■ WHAT TO PRODUCE ■
The copy you give must match the lines from the top of the data through the line containing "Cuộc thi trực" exactly, and it must hold no pictures.

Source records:
/---

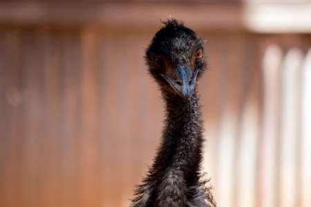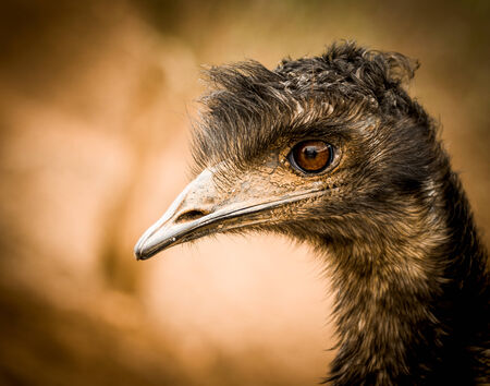 Emu Bird close-up with brown background
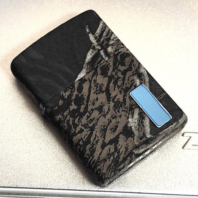 ZIPPO本体に装飾されたメタルには、当時のまま青いフィルムが貼られています。
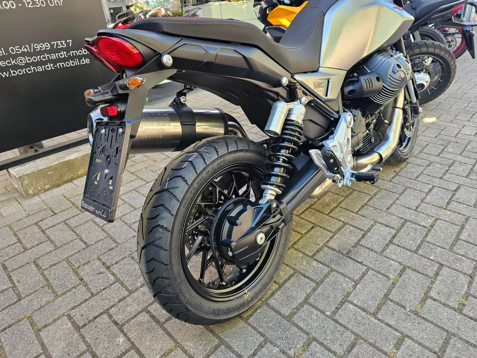 - Reifen Speichenräder mit 17" und 19" Tubeless-Reifen mit geländetauglichem Profil sorgen dafür, dass die V85 TT auf jedem Untergrund mächtig Spaß macht.
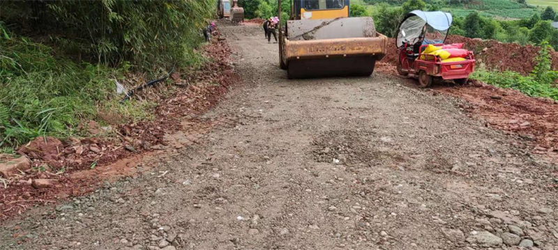 在路桥公司承接的“世界银行贷款芦山地震灾后恢复重建天全县始阳至新华农村公路”项目天全县新华乡柏树村至永安村段,其村道路面结构层差,路基窄,雨水多,晴通雨阻,对本地农产品外运造成很大困扰,严重影响了民众的生产生活。为持续响应市委市政府加快雅安市“四好农村路”的部署安排,解决当地村民出行难、本土农产品外销滞后等问题,路桥公司天全项目部主动作为,在推进项目部主体建设的同时,坚持以问题为导向,采用“始新路”施工现场自拌水稳料,为村民铺设了一段长临时水稳路面,方便广大村民顺利出行,促进当地农产品物资研讨。
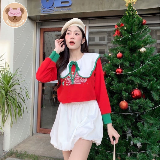 Jingle bell Christmas Crop เสื้อครอปเเขนยาว คอบัวใหญ่ สกรีนลาย🎄
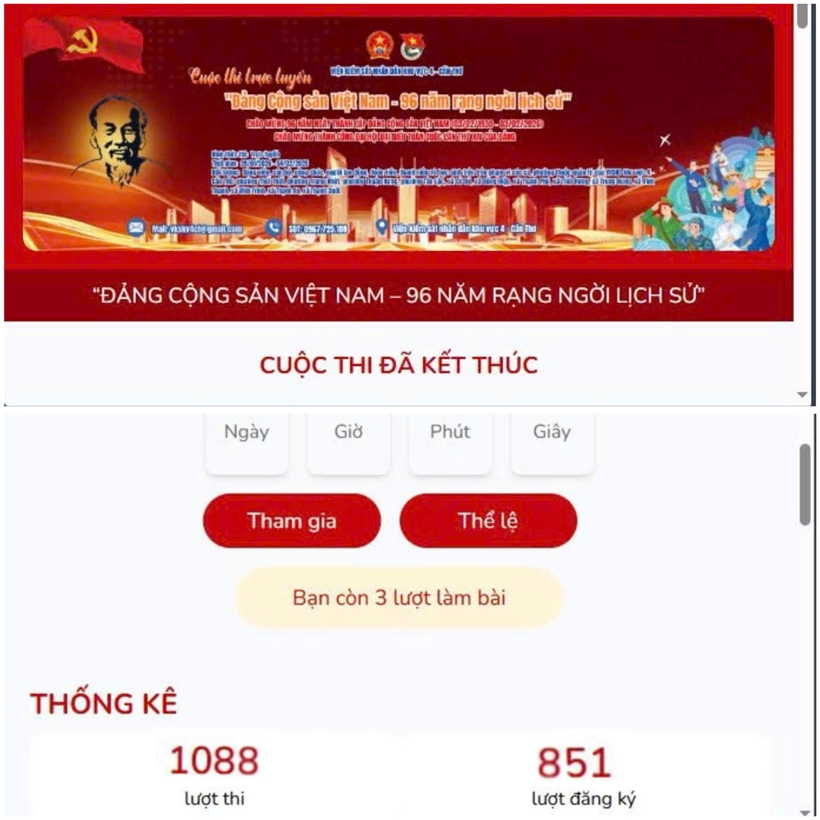 Cuộc thi trực tuyến “Đảng Cộng sản Việt Nam – 96 năm rạng ngời lịch sử” được tổ chức từ ngày 28/01/2026 đến ngày 4/2/2026, thu hút hơn 1.000 lượt tham gia của đông đảo cán bộ, công chức, người lao động, đoàn viên, thanh niên, học sinh và sinh viên trên địa bàn khu vực 4 – Cần Thơ.
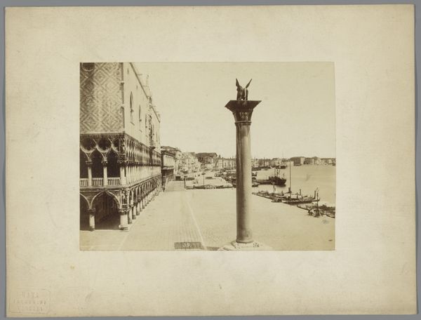 This photograph, "Gezicht op de Riva degli Schiavoni met op de voorgrond een pilaar met de leeuw van Venetië", was created by Giorgio Sommer, an Italian photographer of German origin, during a time when photography was capturing and shaping perceptions of places and cultures. Here, we see the Riva degli Schiavoni in Venice, anchored by a pillar topped with the Lion of Venice, a potent symbol of the city's power and identity. What does it mean to capture an image of a place so steeped in history and symbolism? Sommer, an outsider himself, documents this iconic scene, but through whose eyes are we seeing it? Consider the figures populating the scene, their presence, and their relationship to the space. What stories are being told, and whose perspectives are included or excluded in this visual narrative? This photograph invites us to reflect on Venice's layered history and the complex dynamics of identity, representation, and power. It captures a moment in time, but it also prompts us to consider how places are constructed, perceived, and remembered through the lens of those who document them.
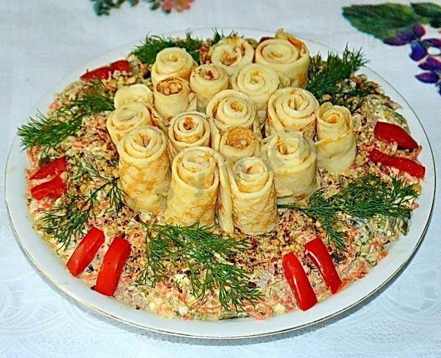 Украшаем сверху салат рулетиками из блинчиков. Мне салат в таком виде показался бледным, поэтому я добавила укроп и полосочки, вырезанные из помидорки. Если Вы хотите покрыть рулетиками из блинчиков всю поверхность салата, - сделайте 2 порции теста для блинчков. Всё, Кояш готов! Особенно он хорош немного охлажденным. Угощайтесь, приятного аппетита!
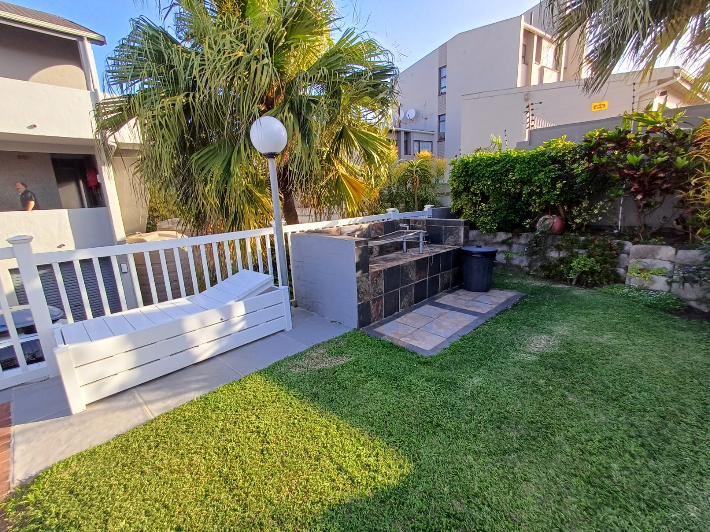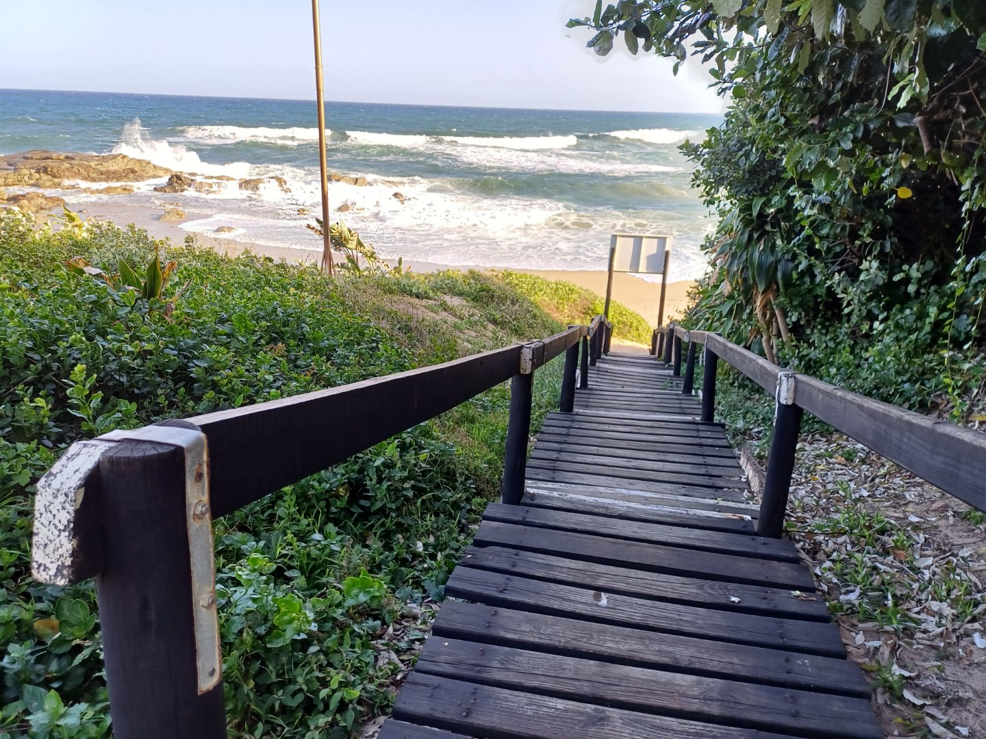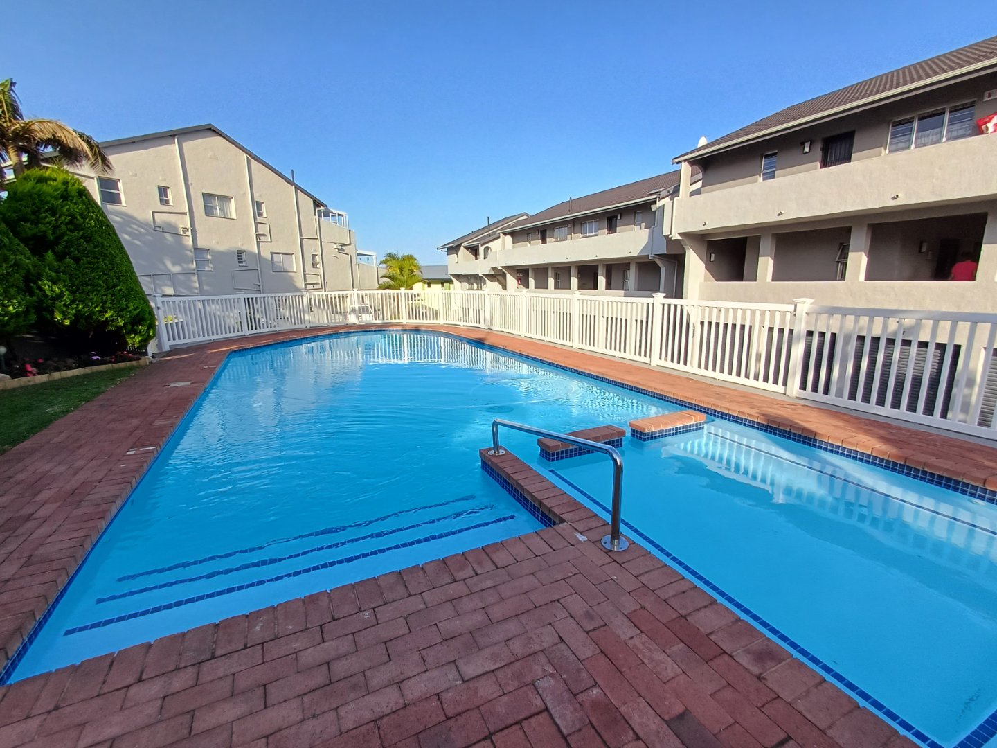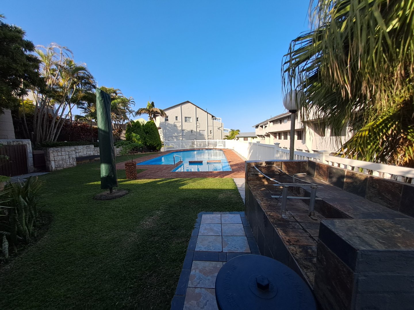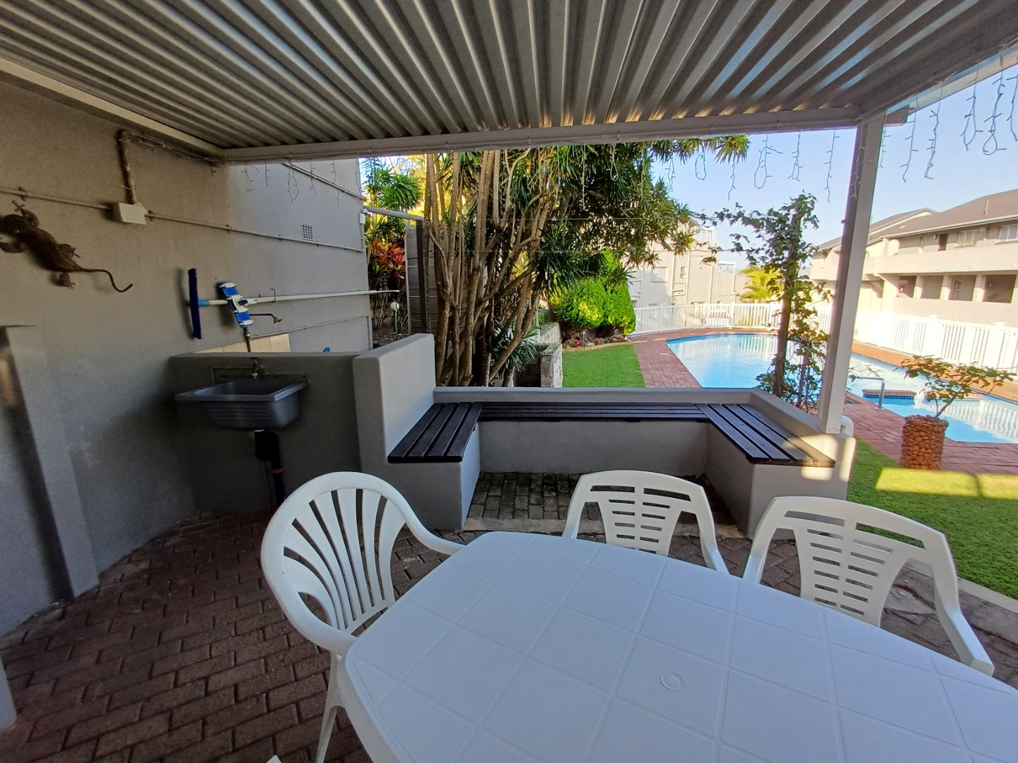 Lots of vegetation offers privacy and shelter on windy days, and the communal garden leads to the 20 steps to the beach in front of the complex. At the rear, is a lovely covered entertainment patio overlooking the swimming pool and braai area, all set in a manicured and landscaped garden.
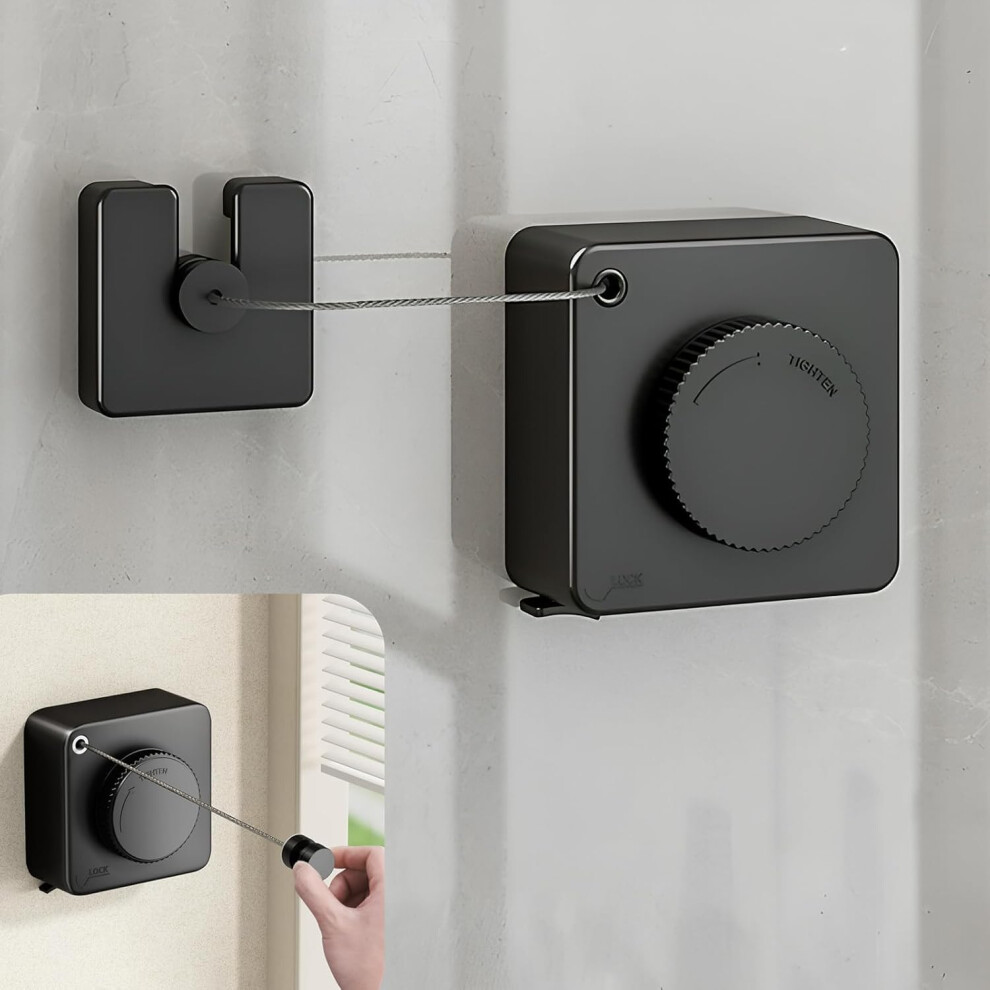 Feizikaw Storage Box Retractable Clothesline For Indoor And Outdoor Use Heavy Duty Stainless Steel Rustproof Washing Line Adjustable Length Wall Mounted Drying Rope Laundry Solution (Black,9X9X4cm)
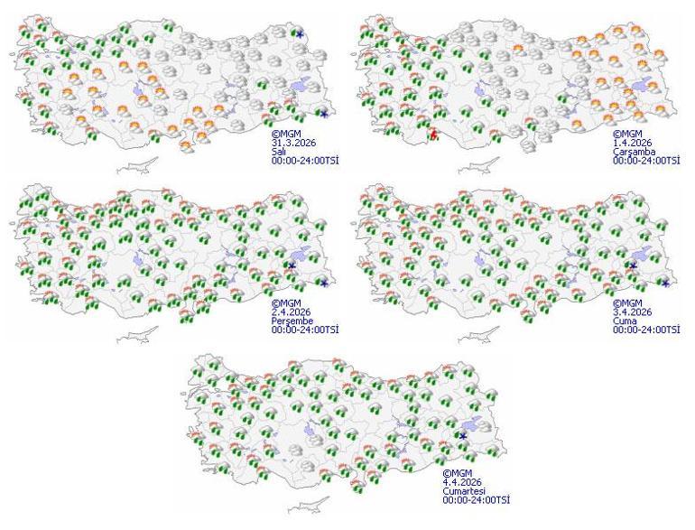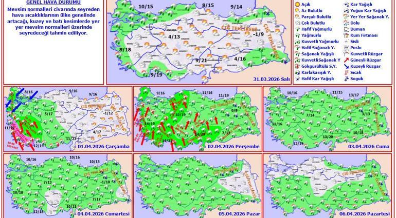 Meteoroloji Genel Müdürlüğü tarafından yapılan oğullar kıymetlendirmelere göre: Ülkemiz genelinin parçalı ve çeşitlilik bulutlu, Marmara (Edirne ve Çanakkale hariç), Kuzey Ege'nin dahili kesimleri, Doğu Akdeniz'in doğusu, İç Anadolu, Batı Karadeniz, Çorum çevreleri, Doğu Karadeniz ile Doğu ve Güneydoğu Anadolu'nun yağışlı geçeceği öngörü ediliyor. Genellikle yağış ve sağanak, Doğu Anadolu’nun doğusunda karla karışık yağış ve mekan yer kar yağışı şeklinde görülecek olan yağışların; Marmara’nın doğusu, Batı Karadeniz’in batısı, Doğu Anadolu’nun güneydoğusu ile Siirt, Batman, Rize, Artvin ve Ardahan çevrelerinde kuvvetli olması bekleniyor. Rüzgarın, Doğu Akdeniz’in doğusunda Güneyli yönlerden kuvvetli(40-60 km / saat) olarak eseceği öngörü ediliyor. Doğu Karadeniz'in dahili kesimleri ile Doğu Anadolu'da yüksek kar yağışı örtüsüne malik eğimli alanlarda çığ ve kar yağışı erimesi tehlikesi bulunmaktadır.

\---

■ TASK ANSWER ■
 Emu Bird close-up with brown background
 ZIPPO本体に装飾されたメタルには、当時のまま青いフィルムが貼られています。
 - Reifen Speichenräder mit 17" und 19" Tubeless-Reifen mit geländetauglichem Profil sorgen dafür, dass die V85 TT auf jedem Untergrund mächtig Spaß macht.
 在路桥公司承接的“世界银行贷款芦山地震灾后恢复重建天全县始阳至新华农村公路”项目天全县新华乡柏树村至永安村段,其村道路面结构层差,路基窄,雨水多,晴通雨阻,对本地农产品外运造成很大困扰,严重影响了民众的生产生活。为持续响应市委市政府加快雅安市“四好农村路”的部署安排,解决当地村民出行难、本土农产品外销滞后等问题,路桥公司天全项目部主动作为,在推进项目部主体建设的同时,坚持以问题为导向,采用“始新路”施工现场自拌水稳料,为村民铺设了一段长临时水稳路面,方便广大村民顺利出行,促进当地农产品物资研讨。
 Jingle bell Christmas Crop เสื้อครอปเเขนยาว คอบัวใหญ่ สกรีนลาย🎄
 Cuộc thi trực tuyến “Đảng Cộng sản Việt Nam – 96 năm rạng ngời lịch sử” được tổ chức từ ngày 28/01/2026 đến ngày 4/2/2026, thu hút hơn 1.000 lượt tham gia của đông đảo cán bộ, công chức, người lao động, đoàn viên, thanh niên, học sinh và sinh viên trên địa bàn khu vực 4 – Cần Thơ.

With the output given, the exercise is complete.